Evaluating Transfer Learning for Simplifying GitHub READMEs
- URL: http://arxiv.org/abs/2308.09940v1
- Date: Sat, 19 Aug 2023 08:20:41 GMT
- Title: Evaluating Transfer Learning for Simplifying GitHub READMEs
- Authors: Haoyu Gao, Christoph Treude and Mansooreh Zahedi
- Abstract summary: This study explores the potential of text simplification techniques in the domain of software engineering to automatically simplify GitHub files.

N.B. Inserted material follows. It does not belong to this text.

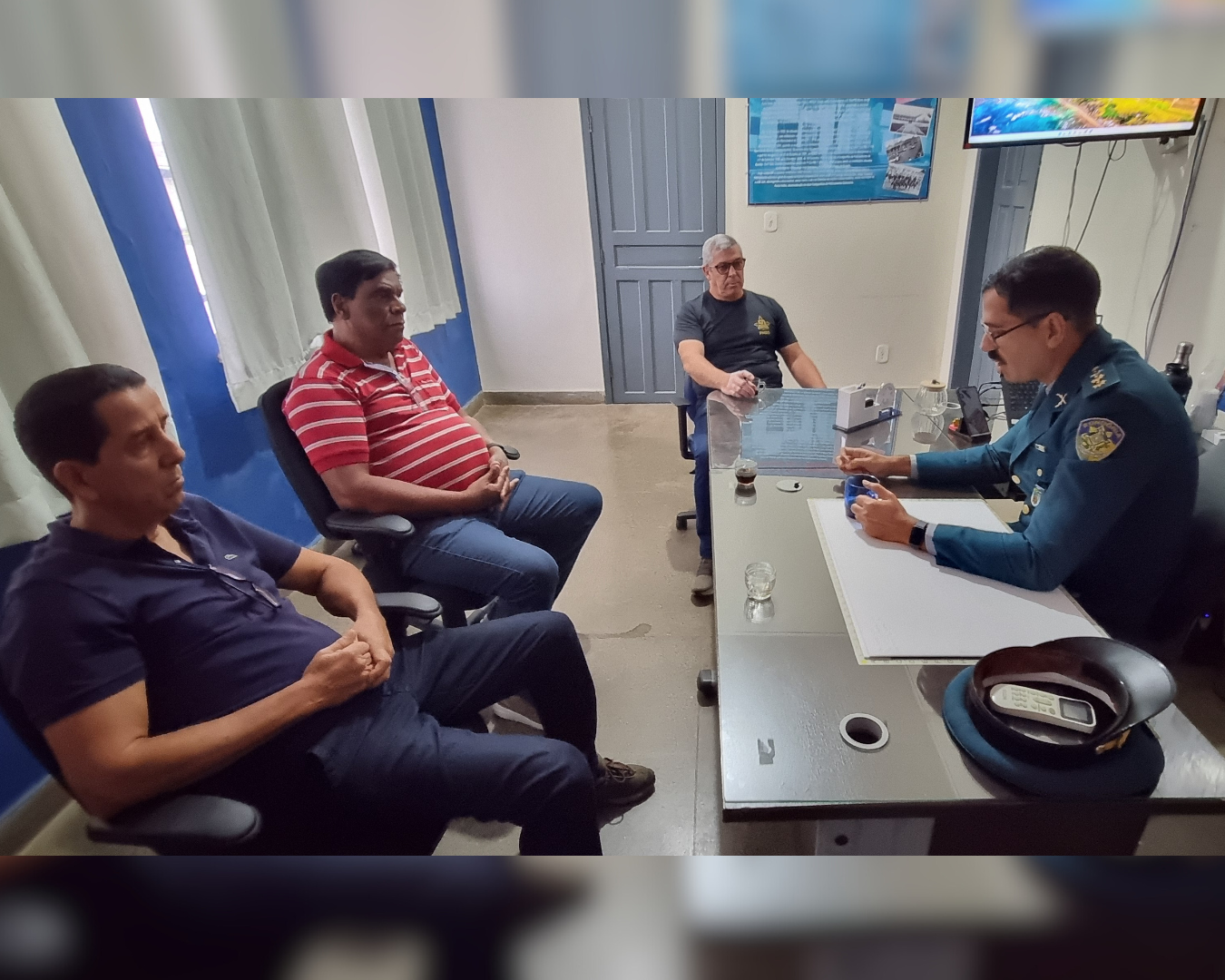 Durante o encontro, os oficiais participaram de um momento de conversa institucional com o Comandante do Batalhão, no qual foram abordados temas relevantes relacionados à atuação da Polícia Militar, ao enfrentamento às facções criminosas, à área de responsabilidade territorial do Primeiro Batalhão, aos programas de patrulhamento e às operações em andamento, com destaque para a Operação Firewall e seus resultados positivos.

We collected software-related pairs of GitHub files consisting of 14,588 entries, aligned difficult sentences with their simplified counterparts, and trained a Transformer-based model to automatically simplify difficult versions.
Using automated BLEU scores and human evaluation, we compared the performance of different transfer learning schemes and the baseline models without transfer learning.
- Score: 11.219774223416648
- License: http://arxiv.org/licenses/nonexclusive-distrib/1.0/
- Abstract: Software documentation captures detailed knowledge about a software product,
e.g., code, technologies, and design. It plays an important role in the
coordination of development teams and in conveying ideas to various
stakeholders. However, software documentation can be hard to comprehend if it
is written with jargon and complicated sentence structure. In this study, we
explored the potential of text simplification techniques in the domain of
software engineering to automatically simplify GitHub README files. We
collected software-related pairs of GitHub README files consisting of 14,588
entries, aligned difficult sentences with their simplified counterparts, and
trained a Transformer-based model to automatically simplify difficult versions.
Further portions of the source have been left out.